— Да, давно, с пару месяцев уже, — в голосе Олечки слышалось облегчение.
— Ну, если он здоров, то о чем говорить? Надеюсь, наука пошла ему впрок, — как можно безразличнее произнесла Наташка, хотя внутри как-то сразу полегчало. — Иди работай.
Не успела она вникнуть в документы, кучей громоздившиеся на столе (а чего ожидать, когда вместо работы в «прятки» играешь?), как дверь опять хлопнула.
— Оль, дай разгрести эту кучу, потом поговорим о сисадмине.
— Интересно, что вы обо мне говорили? — Витькин голос резко оторвал ее от работы.

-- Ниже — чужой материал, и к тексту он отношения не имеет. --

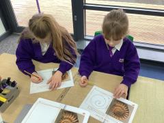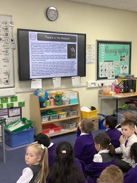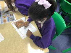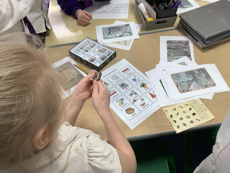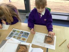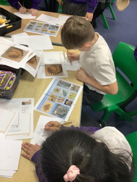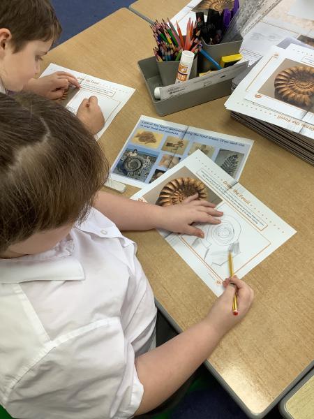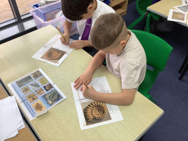 In our science lesson this week we learned about fossils. Fossils are the remains or marks of plants and animals that lived a very long time ago. We looked at pictures of fossils and some real fossils to see what they look like. We learned about fossilisation, which is how fossils are made. When a plant or animal dies, it can be covered by mud or sand. Over a very long time, more layers build up and press down hard. Water with tiny minerals moves through the layers and slowly turns the bones or shells into rock. This takes millions of years. We also ordered the steps of fossilisation to show we understood the process. To finish the lesson, we drew our own fossils, showing what plants or animals from the past might look like when they are preserved in rock.
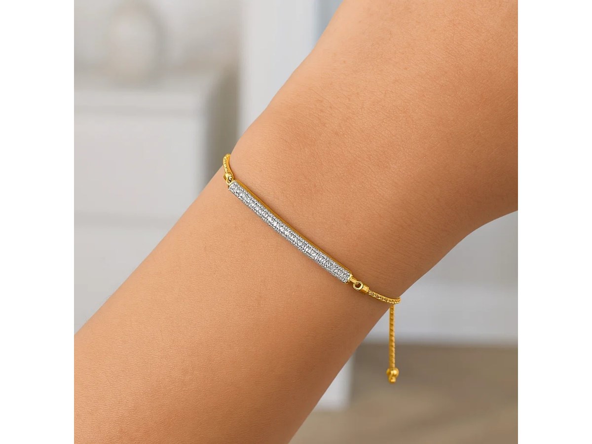 14k Yellow Gold Adjustable Bracelet with Textured Bar and Diamonds
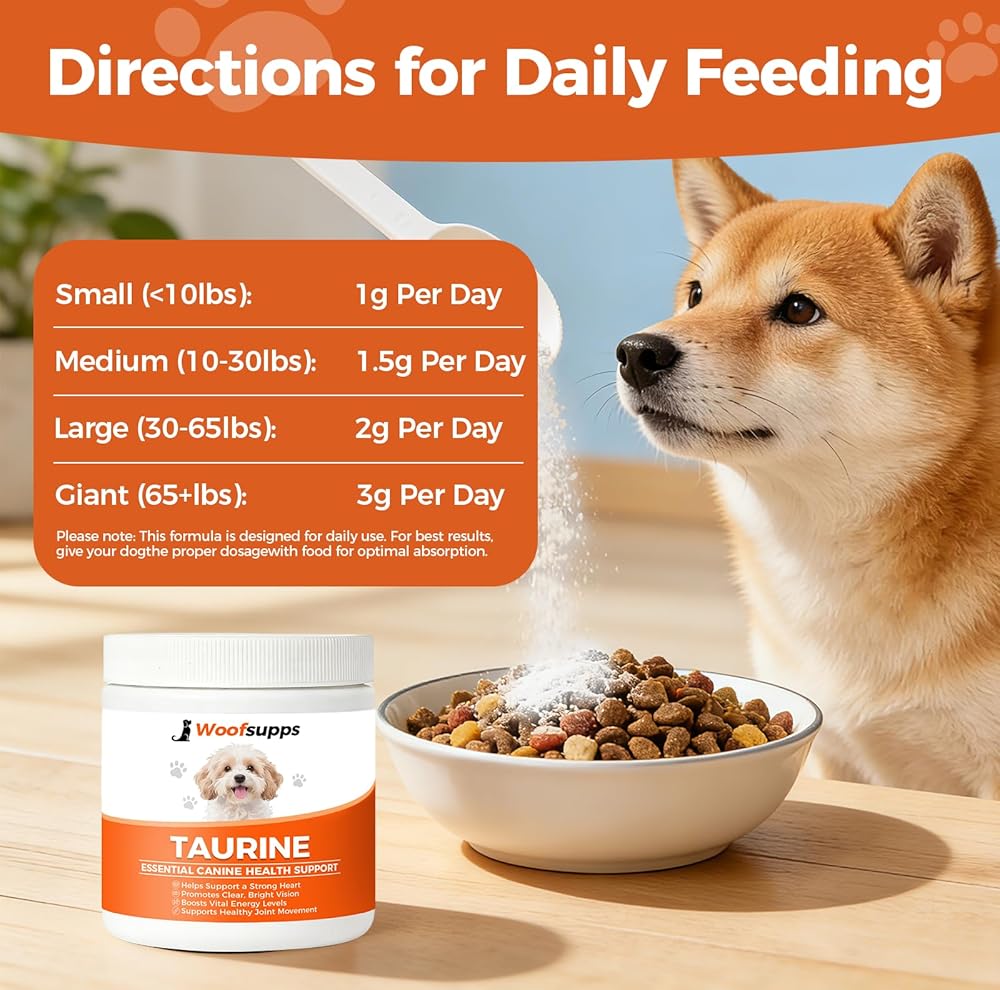 【يدعم القلب والعينين والعضلات】يلعب التورين دورًا مهمًا في دعم صحة القلب ووظيفة العين والحيوية اليومية الشاملة للكلاب. مثالي للحفاظ على مستويات الصحة والطاقة اليومية لدى الجراء والبالغين والكلاب الكبيرة

Наташка взглянула на него. Красив, подлец, а глаза… он просто пожирал ее глазами. Девушка была уверена, что от того, чтобы рвануть к ней и схватить в объятия, его удерживает только неуверенность в ее реакции. Только знак с ее стороны, малейший призыв, признак согласия — и ему будет плевать на то, что дверь открыта, что секретарша или еще кто-нибудь в любой момент могут войти. Когда Наташка осознала это, страх опять сковал ее, страх, что то, что она увидела в его глазах — просто озабоченность молодого темпераментного мужчины. Что слова любви ничего не значат, просто красивая упаковка обычной похоти. И Наташка выпалила:
— Мы говорили о сисадминах, настолько неразборчивых в связях, что лечат триппер. Значит, тогда в КВД я оказалась права?
Так унизительно было стоять, не зная, что сказать. Оправдываться? Глупо. Да и поверит ли? А сам бы он поверил? Не факт.
— Я ступил, но я и не говорил, что идеален. У каждого есть свой скелет в шкафу.
После этих слов Наташка поняла, что Витька откуда-то узнал о том, что с ней случилось. Кроме Мишки и Ливнёва, подробностей не знал никто, слухи — да, а тут попахивало не слухами. Ливнёв исключался, тогда…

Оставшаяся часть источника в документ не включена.